====== Data to process

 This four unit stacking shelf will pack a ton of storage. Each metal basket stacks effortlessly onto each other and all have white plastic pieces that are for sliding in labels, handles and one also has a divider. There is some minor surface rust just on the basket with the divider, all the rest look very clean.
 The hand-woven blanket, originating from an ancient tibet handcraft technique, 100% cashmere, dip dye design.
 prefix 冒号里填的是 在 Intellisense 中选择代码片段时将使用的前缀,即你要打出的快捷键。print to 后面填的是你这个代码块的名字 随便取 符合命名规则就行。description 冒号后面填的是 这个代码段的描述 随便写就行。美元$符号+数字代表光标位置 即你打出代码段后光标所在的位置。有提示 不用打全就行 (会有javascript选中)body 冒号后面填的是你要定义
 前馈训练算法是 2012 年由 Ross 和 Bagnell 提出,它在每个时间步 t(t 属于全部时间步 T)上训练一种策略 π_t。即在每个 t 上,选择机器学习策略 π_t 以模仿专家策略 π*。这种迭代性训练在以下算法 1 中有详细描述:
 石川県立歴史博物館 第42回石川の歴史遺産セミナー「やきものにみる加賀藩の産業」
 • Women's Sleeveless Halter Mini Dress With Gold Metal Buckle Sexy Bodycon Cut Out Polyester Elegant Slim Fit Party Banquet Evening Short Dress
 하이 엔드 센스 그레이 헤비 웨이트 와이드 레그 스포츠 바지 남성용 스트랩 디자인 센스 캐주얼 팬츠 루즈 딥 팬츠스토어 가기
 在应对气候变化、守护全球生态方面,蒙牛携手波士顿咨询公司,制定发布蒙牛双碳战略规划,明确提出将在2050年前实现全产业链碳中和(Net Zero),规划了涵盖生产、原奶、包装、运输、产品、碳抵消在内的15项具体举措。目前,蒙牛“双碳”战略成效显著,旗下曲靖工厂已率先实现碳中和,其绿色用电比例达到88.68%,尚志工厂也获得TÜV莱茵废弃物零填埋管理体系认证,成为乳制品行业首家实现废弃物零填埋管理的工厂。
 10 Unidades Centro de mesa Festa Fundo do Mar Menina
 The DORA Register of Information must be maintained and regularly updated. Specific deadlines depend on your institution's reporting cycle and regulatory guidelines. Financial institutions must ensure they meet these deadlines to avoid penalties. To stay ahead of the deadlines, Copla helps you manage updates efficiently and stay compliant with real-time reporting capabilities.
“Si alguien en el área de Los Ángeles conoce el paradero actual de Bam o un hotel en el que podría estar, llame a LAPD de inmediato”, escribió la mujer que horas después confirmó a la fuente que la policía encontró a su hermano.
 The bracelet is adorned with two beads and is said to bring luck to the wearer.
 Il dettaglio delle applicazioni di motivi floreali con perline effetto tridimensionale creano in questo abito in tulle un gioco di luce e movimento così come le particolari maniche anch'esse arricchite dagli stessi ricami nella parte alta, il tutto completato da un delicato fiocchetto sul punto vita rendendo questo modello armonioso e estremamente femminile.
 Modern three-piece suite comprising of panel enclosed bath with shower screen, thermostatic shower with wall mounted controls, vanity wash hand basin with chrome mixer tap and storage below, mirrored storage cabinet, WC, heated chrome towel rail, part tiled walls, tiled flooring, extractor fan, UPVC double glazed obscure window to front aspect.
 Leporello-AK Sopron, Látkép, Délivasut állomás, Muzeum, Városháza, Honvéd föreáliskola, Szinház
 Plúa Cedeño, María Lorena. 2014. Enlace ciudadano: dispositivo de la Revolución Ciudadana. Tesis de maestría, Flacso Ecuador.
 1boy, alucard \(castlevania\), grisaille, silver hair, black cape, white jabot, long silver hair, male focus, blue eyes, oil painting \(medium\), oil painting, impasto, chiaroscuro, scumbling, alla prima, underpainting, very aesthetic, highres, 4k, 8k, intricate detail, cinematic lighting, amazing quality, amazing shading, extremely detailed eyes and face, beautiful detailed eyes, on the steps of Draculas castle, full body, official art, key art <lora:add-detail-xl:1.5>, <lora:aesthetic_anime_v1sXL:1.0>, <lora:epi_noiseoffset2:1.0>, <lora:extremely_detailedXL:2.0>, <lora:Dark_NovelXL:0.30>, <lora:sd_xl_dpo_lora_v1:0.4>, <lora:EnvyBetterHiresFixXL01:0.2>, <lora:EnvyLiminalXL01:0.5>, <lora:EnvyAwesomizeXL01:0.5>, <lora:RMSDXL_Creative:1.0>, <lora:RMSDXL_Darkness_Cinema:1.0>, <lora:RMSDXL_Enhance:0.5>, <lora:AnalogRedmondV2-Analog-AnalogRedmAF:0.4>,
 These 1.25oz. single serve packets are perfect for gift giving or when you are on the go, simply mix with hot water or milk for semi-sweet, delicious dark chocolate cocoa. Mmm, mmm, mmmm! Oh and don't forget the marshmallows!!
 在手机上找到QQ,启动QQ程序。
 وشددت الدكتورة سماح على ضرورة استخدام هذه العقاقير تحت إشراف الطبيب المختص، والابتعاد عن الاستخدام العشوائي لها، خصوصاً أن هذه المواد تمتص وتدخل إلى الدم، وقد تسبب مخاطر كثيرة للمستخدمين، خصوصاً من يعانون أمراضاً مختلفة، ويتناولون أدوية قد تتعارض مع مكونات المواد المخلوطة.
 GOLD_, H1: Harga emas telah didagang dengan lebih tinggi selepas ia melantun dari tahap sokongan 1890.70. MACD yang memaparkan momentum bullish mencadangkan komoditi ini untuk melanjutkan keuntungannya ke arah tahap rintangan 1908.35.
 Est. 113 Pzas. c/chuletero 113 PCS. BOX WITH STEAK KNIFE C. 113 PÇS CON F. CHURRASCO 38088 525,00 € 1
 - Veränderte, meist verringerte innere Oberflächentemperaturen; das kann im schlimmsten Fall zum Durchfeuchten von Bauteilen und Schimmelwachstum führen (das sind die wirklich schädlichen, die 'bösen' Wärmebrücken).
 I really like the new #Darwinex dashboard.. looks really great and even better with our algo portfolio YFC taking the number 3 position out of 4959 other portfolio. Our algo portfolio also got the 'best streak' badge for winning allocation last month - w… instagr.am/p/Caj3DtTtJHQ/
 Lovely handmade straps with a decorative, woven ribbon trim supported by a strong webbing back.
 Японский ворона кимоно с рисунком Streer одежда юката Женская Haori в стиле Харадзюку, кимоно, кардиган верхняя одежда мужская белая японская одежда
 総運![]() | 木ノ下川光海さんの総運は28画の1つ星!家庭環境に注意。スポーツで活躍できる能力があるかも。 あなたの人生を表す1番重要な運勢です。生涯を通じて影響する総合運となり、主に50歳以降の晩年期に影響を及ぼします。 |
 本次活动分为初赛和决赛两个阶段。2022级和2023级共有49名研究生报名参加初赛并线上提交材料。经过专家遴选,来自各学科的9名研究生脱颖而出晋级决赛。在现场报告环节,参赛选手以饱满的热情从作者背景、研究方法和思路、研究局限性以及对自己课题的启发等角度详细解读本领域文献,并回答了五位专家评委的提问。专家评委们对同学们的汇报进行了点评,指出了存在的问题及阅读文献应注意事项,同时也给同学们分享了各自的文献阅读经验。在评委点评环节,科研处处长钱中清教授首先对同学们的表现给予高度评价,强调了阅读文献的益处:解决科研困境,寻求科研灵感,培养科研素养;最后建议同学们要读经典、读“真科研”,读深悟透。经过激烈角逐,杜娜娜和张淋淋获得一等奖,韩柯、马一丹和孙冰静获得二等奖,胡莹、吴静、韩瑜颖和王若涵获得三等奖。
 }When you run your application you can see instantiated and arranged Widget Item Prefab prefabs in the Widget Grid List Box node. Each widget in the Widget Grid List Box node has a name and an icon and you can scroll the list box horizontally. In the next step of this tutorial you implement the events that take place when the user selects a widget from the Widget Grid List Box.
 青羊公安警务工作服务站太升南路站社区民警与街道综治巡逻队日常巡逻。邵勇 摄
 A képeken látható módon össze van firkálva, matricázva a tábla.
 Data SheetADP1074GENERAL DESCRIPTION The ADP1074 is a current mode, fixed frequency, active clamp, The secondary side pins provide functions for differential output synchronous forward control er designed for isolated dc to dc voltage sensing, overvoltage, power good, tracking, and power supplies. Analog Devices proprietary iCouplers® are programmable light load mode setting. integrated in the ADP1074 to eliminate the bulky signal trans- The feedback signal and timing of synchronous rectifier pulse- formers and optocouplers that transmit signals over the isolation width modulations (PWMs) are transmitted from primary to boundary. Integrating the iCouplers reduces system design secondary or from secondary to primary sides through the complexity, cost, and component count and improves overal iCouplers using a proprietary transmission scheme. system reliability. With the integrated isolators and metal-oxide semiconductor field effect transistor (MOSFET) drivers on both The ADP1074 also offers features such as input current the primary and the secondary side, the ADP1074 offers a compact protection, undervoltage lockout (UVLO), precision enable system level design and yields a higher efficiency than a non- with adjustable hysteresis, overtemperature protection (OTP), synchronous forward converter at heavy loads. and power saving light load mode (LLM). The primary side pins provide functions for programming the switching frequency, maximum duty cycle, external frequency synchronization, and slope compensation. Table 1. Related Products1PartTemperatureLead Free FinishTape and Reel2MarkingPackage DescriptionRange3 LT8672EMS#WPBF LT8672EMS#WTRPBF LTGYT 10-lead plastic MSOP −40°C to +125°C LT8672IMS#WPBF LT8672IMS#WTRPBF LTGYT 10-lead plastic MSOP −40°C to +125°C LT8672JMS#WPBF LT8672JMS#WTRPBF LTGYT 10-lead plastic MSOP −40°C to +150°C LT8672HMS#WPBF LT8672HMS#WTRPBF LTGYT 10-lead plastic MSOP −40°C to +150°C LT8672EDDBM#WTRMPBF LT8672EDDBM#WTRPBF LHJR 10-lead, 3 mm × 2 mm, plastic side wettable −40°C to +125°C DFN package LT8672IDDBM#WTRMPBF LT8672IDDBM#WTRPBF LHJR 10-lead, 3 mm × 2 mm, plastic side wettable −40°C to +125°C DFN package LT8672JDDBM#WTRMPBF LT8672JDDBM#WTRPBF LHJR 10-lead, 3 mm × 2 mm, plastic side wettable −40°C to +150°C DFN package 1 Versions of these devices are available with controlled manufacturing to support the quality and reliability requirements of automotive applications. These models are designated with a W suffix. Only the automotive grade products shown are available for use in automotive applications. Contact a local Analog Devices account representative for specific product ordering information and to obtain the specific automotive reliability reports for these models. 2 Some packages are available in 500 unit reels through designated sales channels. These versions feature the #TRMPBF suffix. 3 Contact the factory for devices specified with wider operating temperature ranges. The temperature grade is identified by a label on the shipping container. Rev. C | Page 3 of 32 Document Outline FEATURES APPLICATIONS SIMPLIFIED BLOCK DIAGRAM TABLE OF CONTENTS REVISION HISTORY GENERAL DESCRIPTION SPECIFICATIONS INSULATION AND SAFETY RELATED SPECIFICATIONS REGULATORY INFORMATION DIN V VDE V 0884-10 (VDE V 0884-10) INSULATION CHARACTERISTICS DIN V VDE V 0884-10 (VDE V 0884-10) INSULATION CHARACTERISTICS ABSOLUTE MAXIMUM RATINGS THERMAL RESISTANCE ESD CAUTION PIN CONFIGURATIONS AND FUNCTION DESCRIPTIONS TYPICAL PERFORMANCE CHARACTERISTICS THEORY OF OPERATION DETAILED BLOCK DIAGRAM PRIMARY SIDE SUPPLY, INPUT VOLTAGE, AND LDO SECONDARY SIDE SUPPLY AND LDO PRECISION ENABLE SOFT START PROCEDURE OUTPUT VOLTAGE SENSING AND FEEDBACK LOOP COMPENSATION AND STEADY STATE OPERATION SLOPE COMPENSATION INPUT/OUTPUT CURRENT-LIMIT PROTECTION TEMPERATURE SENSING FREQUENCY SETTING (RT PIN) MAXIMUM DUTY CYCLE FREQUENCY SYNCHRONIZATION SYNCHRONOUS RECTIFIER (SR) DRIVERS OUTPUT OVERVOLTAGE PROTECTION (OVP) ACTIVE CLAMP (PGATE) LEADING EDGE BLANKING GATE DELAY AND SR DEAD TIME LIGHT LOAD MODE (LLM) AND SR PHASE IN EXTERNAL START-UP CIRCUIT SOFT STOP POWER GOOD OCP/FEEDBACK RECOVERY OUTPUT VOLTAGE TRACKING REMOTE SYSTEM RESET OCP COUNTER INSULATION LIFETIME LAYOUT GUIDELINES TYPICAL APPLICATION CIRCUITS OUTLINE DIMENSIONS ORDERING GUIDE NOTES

============

[Task directions]: If a line in the data above contains "other", return that line.

[Task answer]:
 This four unit stacking shelf will pack a ton of storage. Each metal basket stacks effortlessly onto each other and all have white plastic pieces that are for sliding in labels, handles and one also has a divider. There is some minor surface rust just on the basket with the divider, all the rest look very clean.
 I really like the new #Darwinex dashboard.. looks really great and even better with our algo portfolio YFC taking the number 3 position out of 4959 other portfolio. Our algo portfolio also got the 'best streak' badge for winning allocation last month - w… instagr.am/p/Caj3DtTtJHQ/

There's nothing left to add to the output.